What, Me Proselytize?
Several Jewish students narrowly escaped conversion to the Catholic faith this week. It turns out to have been all the fault of a copy-and-paste snafu. Evan Michals explained in an e-mail:
Many of you may have received a blitz from Yardena Beeber this morning, concerned about Hillel's last blitz about AQ and Hillel's educational services.When I wrote the blitz, I copied and pasted AQ's description of their Mass Explained, and then wrote a description for Hillel's Learner's Service.
Our organizations are not trying to get people to convert; we are just offering a version of our services that are educational, for those who would like to learn more about the services at AQ or Hillel. Since many members of AQ have come to our services at the Roth Center, we were hoping that in the spirit of learning, some members of Hillel would be interested in going to AQ's mass.
I apologize for not paying closer attention to the wording of my blitz, and I will certainly do so in the future.
If you would like to speak to me about this issue, please blitz me. I'd love to talk about it.
Bells Are Ringing
The Dartmouth Review is happy to announce the marriage of two former staffers, Alexander Talcott '04 and Kristin Steinert '04. During their time at the Review, Kristin served as President and Alex in a variety of editorial positions, including Senior Editor.

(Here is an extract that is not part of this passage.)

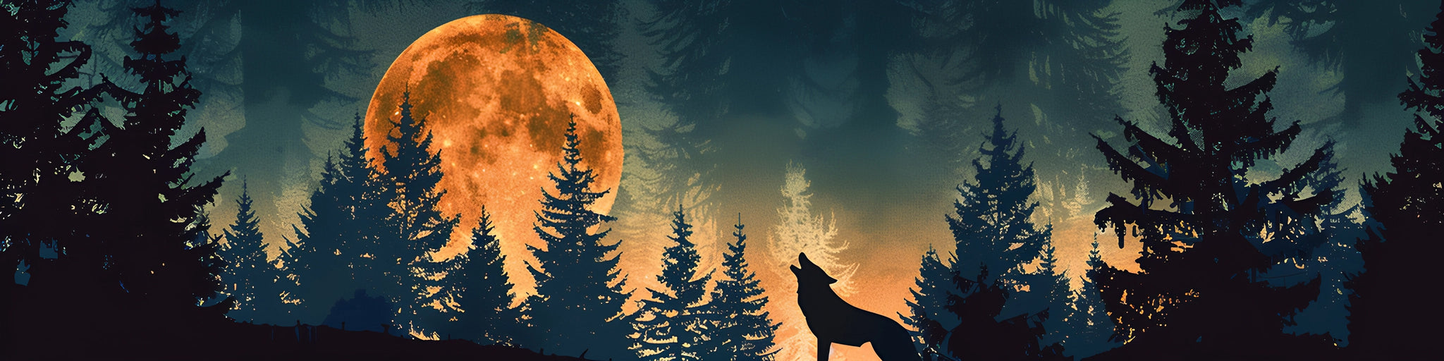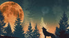 Unleash the call of the wild with the Wolf Moon Forest Wrap by Stickalz — a breathtaking nocturnal design featuring a lone wolf howling beneath a glowing orange moon framed by tall pine trees.

Talcott is currently a student at Notre Dame Law School in South Bend, Indiana, while Steinert is a supervisor at McMaster-Carr in Elmhurst, Illinois.

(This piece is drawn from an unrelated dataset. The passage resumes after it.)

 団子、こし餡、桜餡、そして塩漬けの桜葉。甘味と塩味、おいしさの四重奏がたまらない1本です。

They will be married September 2, 2006, in Ludlow, Vermont. A reception is to follow at the Bates Mansion in Cavendish, VT, the site of many a Dartmouth fraternity and sorority formal.

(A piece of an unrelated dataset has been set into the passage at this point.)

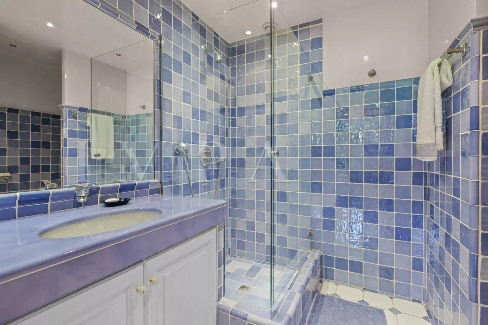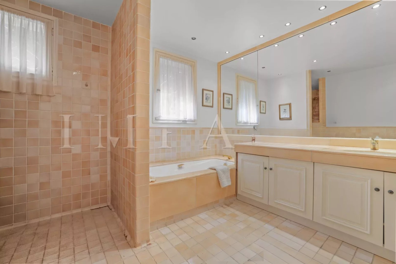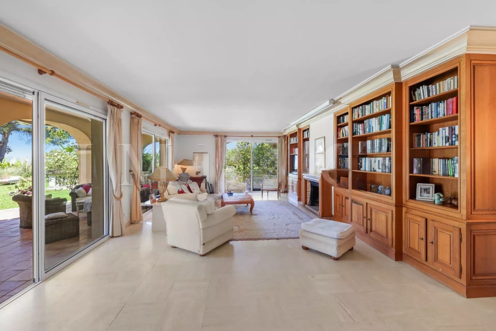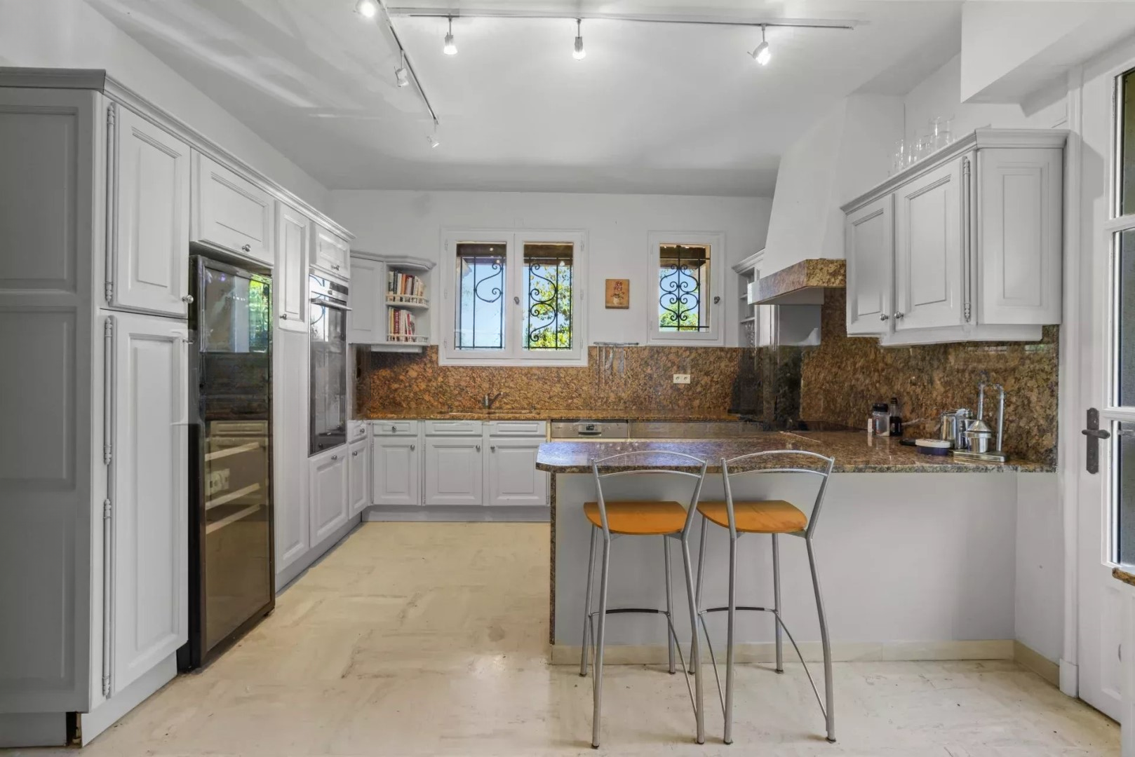 На первом этаже находится вестибюль, открывающийся на очаровательный патио. Просторная и теплая двойная гостиная с прямым выходом на террасу и к бассейну. Главная спальня с гардеробной и ванной комнатой имеет террасу с видом на сад. Кухня оборудована и открывается в столовую с видом на патио.

We at TDR wish the couple the utmost connubial bliss.
Hanover Blacks Out
According to a recent headline in the Daily Dartmouth, "Two thirds of campus blacks out for hour." The article refered to an incident on Wednesday night, when a tree branch fell on a power line during a rain storm. Much of the campus remained in darkness for nearly an hour until power was restored. Only about one third of students surveyed could recall the incident; the remaining two thirds having blacked out for several hours.
BbOne Ended, Few Notice
On Tuesday, the College announced via e-mail that at the end of this term, it will terminate its BbOne program, a debit-card-esque program which allows students to use their Dartmouth Card for purchases at Hanover stores and restaurants. The College and Blackboard, the company who administers the eight-year-old program, decided to pull the plug after a third-party who processes transactions went out of business. The program was the successor to Hanover Green Card and Student Advantage, popularly known as SA-Cash. The end has been a long time coming for the program, however, as it was slowly replaced with students' debit and credit cards. Many students said they rarely used BbOne, because it was not accepted at all the businesses that they frequented. The College is currently looking into options to replace the program, including a device which would shake-down students each morning for spare change, in hopes of covering the costs of a bloated administrative budget.